Abstract
In the present paper we address the problem of computing structure and motion, given a set point and/or line correspondences, in a monocular image sequence, when the camera is not calibrated.
Considering point correspondences first, we analyse how to parameterize the retinal correspondences, in function of the chosen geometry: Euclidean, affine or projective geometry. The simplest of these parameterizations is called the FQs-representation and is a composite projective representation. The main result is that considering N+1 views in such a monocular image sequence, the retinal correspondences are parameterized by 11 N−4 parameters in the general projective case. Moreover, 3 other parameters are required to work in the affine case and 5 additional parameters in the Euclidean case. These 8 parameters are “calibration” parameters and must be calculated considering at least 8 external informations or constraints. The method being constructive, all these representations are made explicit.
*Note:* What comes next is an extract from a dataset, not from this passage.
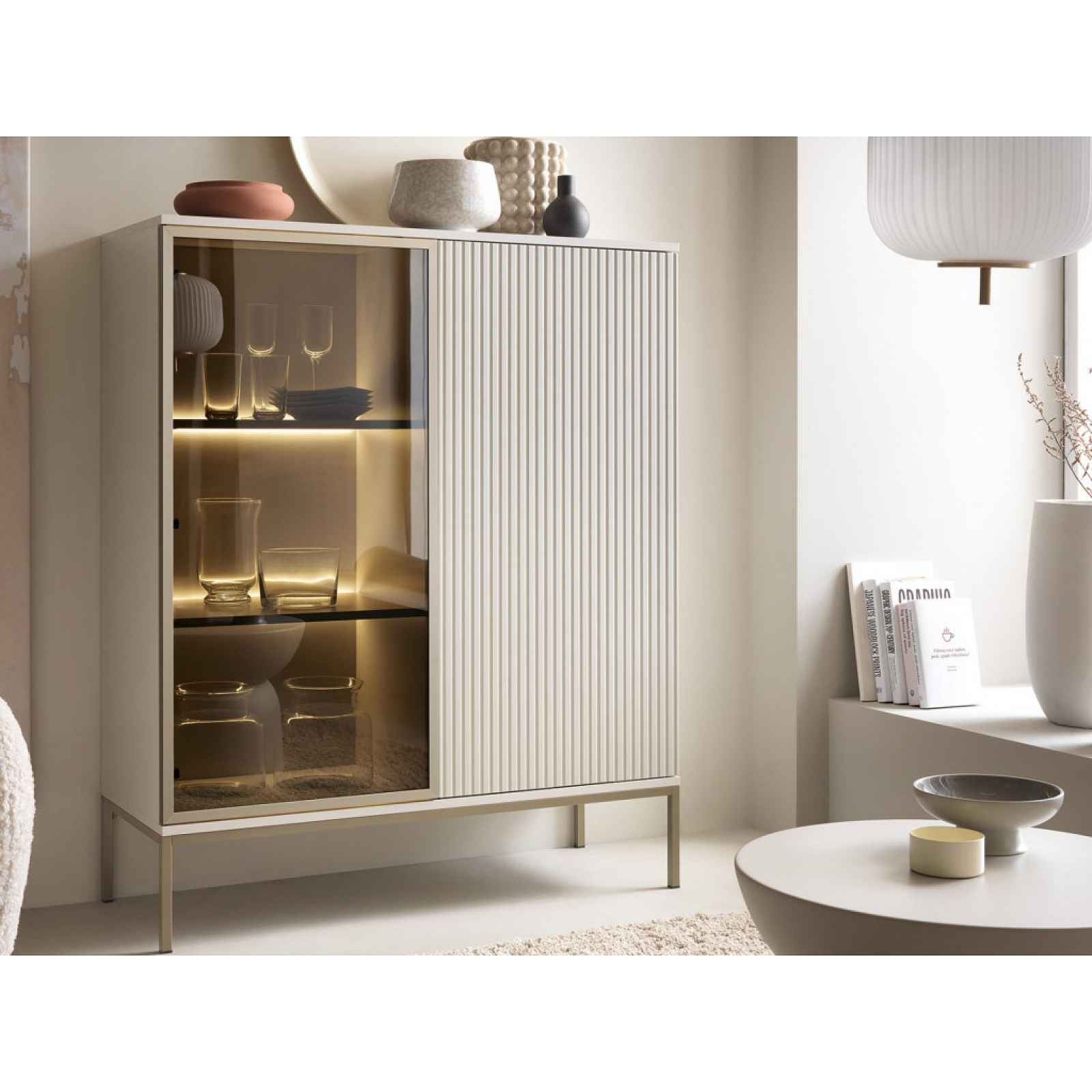 Skříňka s vitrínou Sento kombinuje moderní kašmír povrchy s kovovým rámem a podnoží v odstínu šampaň. Lamely a prosklený prostor s osvětlením přináší útulnost. Skříňka s vitrínou z kolekce Sento – stylový nábytek pro ty, kteří chtějí mít interier zařízený moderně, prakticky a zároveň útulně. Jemné kašmírově béžové povrchy doplňuje profilace, která vytváří na předních plochách zajímavý lamelový efekt. Rám prosklení z kovu v elegantním odstínu šampaň dokonale ladí s kovovou podnoží ve stejném tónu. Díky zvýšené podnoži tak může být pro vás údržba podlahy snazší. Vnitřní prosklený prostor s osvětlením doplňuje příjemnou večerní atmosféru. - skříňka s vitrínou z kolekce Sento - materiál: laminovaná dřevotříska 16 mm (ABS hrany 0,5 mm), MDF (ABS hrany 0,5 mm), kov, plast, tvrzené kouřové sklo antisol 4 mm - dekor: kašmírová béžová mat - profilované přední povrchy s lamelovým efektem - prosklení: tvrzené kouřové sklo, rám z kovu v odstínu šampaň - úchyt: bezúchytové otevírání Push to open - nožky: kovová podnož v odstínu šampaň, hranatý profil 18×18 mm, výška 20 cm (možné využít robotický vysavač) - včetně LED osvětlení (2 x světelná LED lišta, barva světla – teplá bílá, včetně trafa a přívodového kabelu, nášlapný vypínač) - moderní a zároveň útulný styl - šířka: 104 cm - 1 x levé dveře – prosklené (vitráž, 2 x police, 2 x světelná LED lišta) - 1 x pravé dveře (úložný prostor, 2 x police) - univerzální montáž dveří na pravou/levou stranu - stabilní - vyrobeno v EU - doporučené ukotvení ke stěně - dodáváno v demontu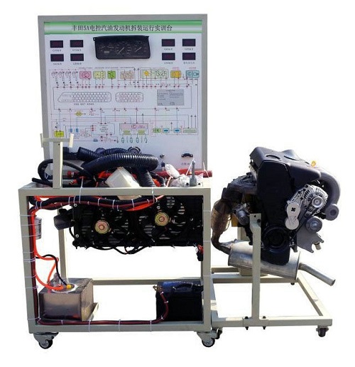 拆装翻转台架由电控汽油发动机总成和可做360度翻转的发动机拆装架组成,运行检测控制台由控制面板、发动机电控单元、冷却系统、供油系统、蓄电池等组成;

Then, considering line correspondences, we show how the the same parameterizations can be used when we analyse the motion of lines, in the uncalibrated case. The case of three views is extensively studied and a geometrical interpretation is proposed, introducing the notion of trifocal geometry which generalizes the well known epipolar geometry. It is also discussed how to introduce line correspondences, in a framework based on point correspondences, using the same equations.
Finally, considering the F Qs-representation, one implementation is proposed as a “motion module”, taking retinal correspondences as input, and providing and estimation of the 11 N−4 retinal motion parameters. As discussed in this paper, this module can also estimate the 3D depth of the points up to an affine and projective transformation, defined by the 8 parameters identified in the first section. Experimental results are provided.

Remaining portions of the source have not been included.